(DIRECTIONS FOR THIS TASK): In the material below, the lines between the one holding "3月16日晚,石湾沙岗加油站出现排队现象。" and the one holding "Lapel Wrap Blouse", inclusive, are to be set down word for word. Pictures stay out.

(DATASET):

▽

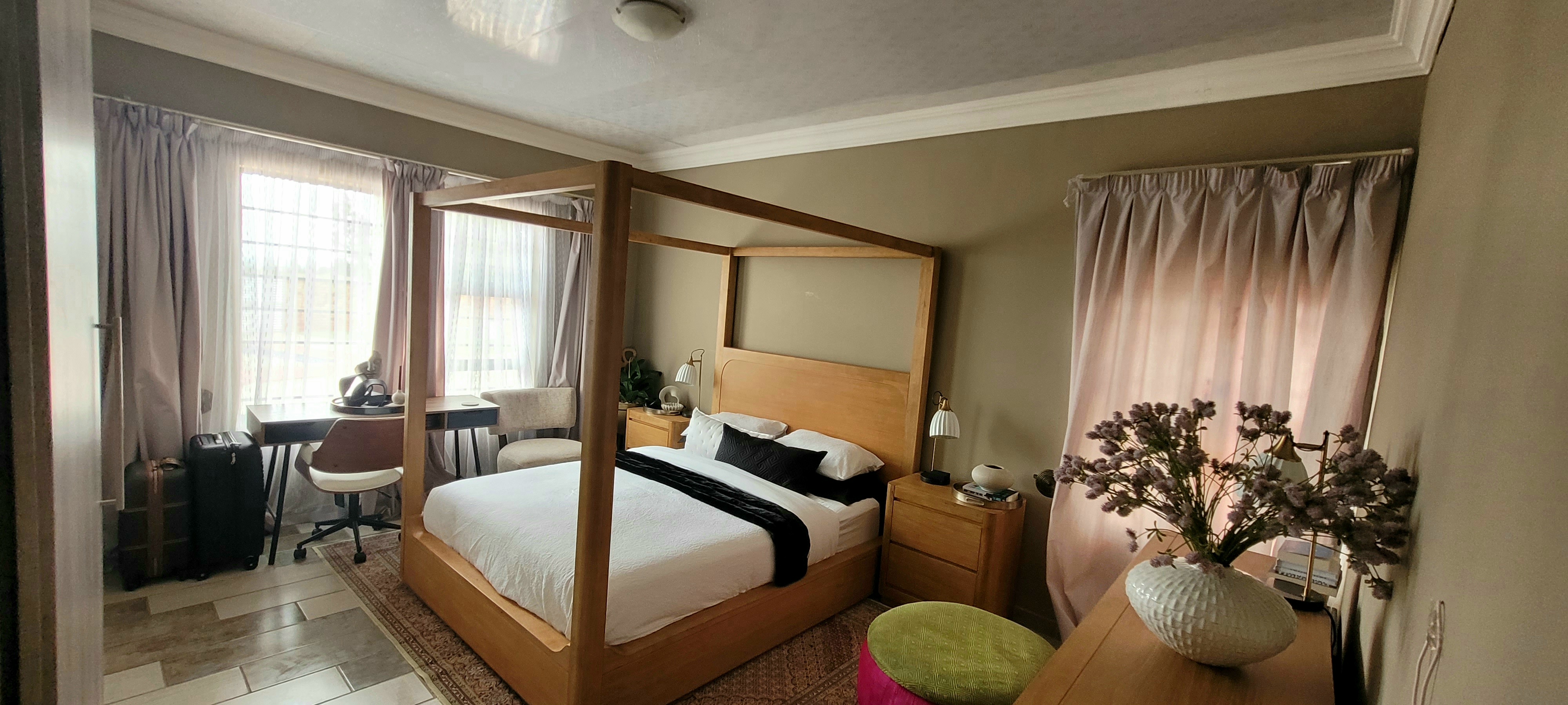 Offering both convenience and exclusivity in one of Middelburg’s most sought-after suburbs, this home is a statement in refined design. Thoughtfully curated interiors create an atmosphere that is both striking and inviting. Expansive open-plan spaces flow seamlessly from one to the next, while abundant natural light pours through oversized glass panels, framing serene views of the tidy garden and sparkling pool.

△
▽

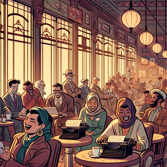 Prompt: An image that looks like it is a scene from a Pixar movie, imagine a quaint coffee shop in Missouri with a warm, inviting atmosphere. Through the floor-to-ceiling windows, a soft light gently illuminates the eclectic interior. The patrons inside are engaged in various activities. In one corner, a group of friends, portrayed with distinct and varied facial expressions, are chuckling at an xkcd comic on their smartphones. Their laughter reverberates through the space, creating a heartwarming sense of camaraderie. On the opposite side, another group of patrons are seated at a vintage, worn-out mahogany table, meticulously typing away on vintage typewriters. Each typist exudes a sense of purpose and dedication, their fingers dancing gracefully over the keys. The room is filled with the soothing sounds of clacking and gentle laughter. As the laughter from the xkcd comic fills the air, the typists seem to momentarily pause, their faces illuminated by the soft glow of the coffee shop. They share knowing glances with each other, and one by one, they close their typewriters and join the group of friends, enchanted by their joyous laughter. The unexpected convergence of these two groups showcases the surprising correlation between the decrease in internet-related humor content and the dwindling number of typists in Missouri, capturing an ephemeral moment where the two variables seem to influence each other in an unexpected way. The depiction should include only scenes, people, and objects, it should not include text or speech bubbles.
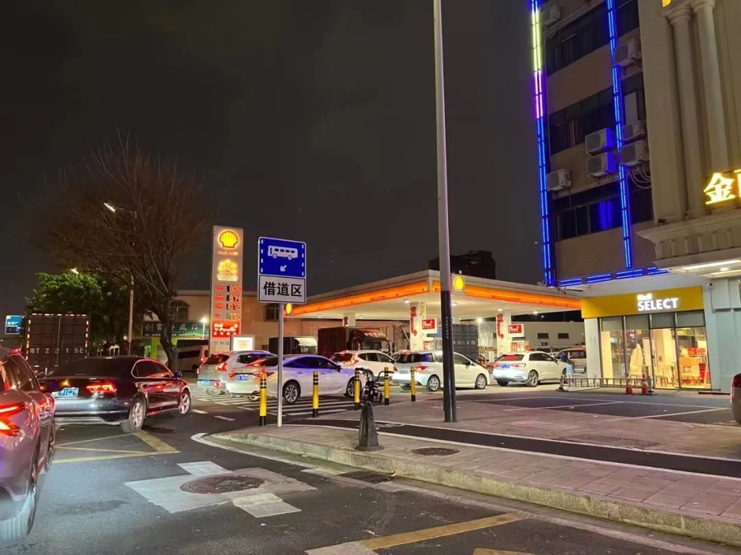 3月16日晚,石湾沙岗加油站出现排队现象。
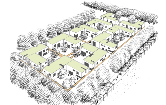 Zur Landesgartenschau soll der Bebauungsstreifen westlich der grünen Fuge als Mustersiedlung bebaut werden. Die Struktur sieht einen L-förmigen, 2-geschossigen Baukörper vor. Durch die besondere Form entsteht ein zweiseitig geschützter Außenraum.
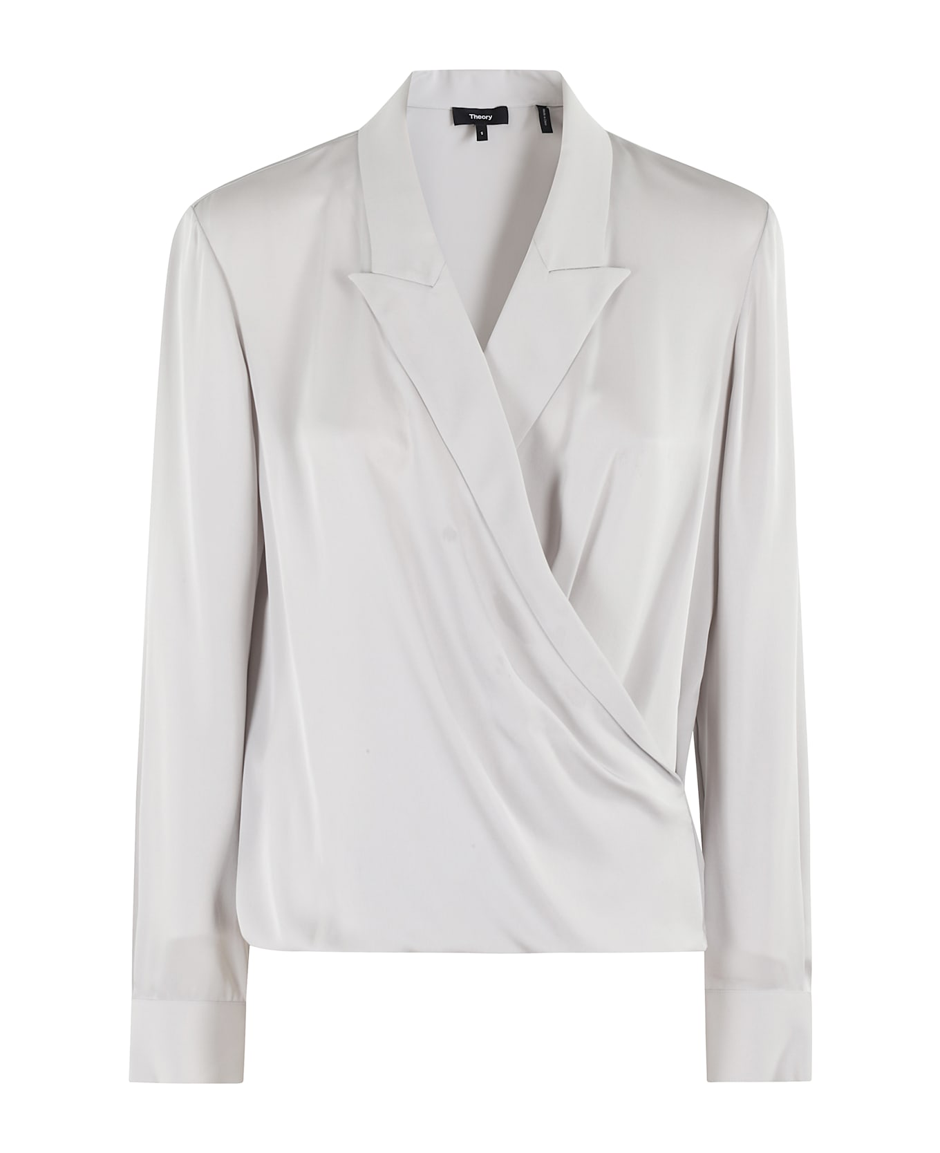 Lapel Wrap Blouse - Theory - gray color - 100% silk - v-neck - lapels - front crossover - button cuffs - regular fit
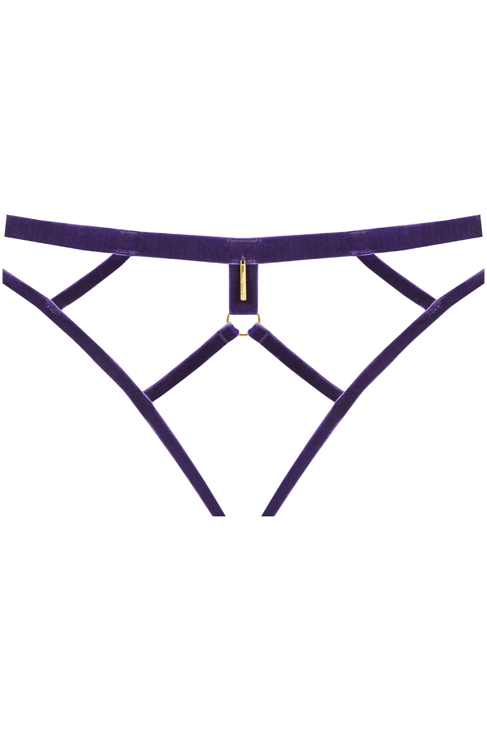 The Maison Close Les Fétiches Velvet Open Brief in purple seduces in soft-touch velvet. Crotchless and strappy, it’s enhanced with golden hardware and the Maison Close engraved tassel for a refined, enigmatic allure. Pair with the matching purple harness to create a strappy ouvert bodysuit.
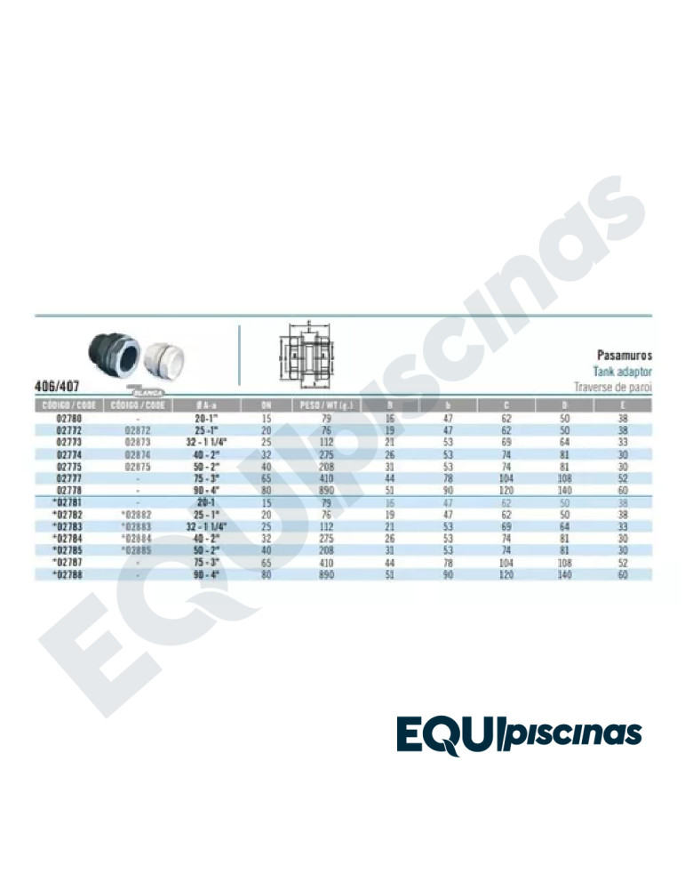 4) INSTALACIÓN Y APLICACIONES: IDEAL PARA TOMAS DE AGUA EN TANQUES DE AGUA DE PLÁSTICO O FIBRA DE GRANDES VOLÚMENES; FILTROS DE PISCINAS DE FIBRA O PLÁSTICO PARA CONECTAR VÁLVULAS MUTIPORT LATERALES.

△

(RESULT FOR THIS EXERCISE):
 3月16日晚,石湾沙岗加油站出现排队现象。
 Zur Landesgartenschau soll der Bebauungsstreifen westlich der grünen Fuge als Mustersiedlung bebaut werden. Die Struktur sieht einen L-förmigen, 2-geschossigen Baukörper vor. Durch die besondere Form entsteht ein zweiseitig geschützter Außenraum.
 Lapel Wrap Blouse - Theory - gray color - 100% silk - v-neck - lapels - front crossover - button cuffs - regular fit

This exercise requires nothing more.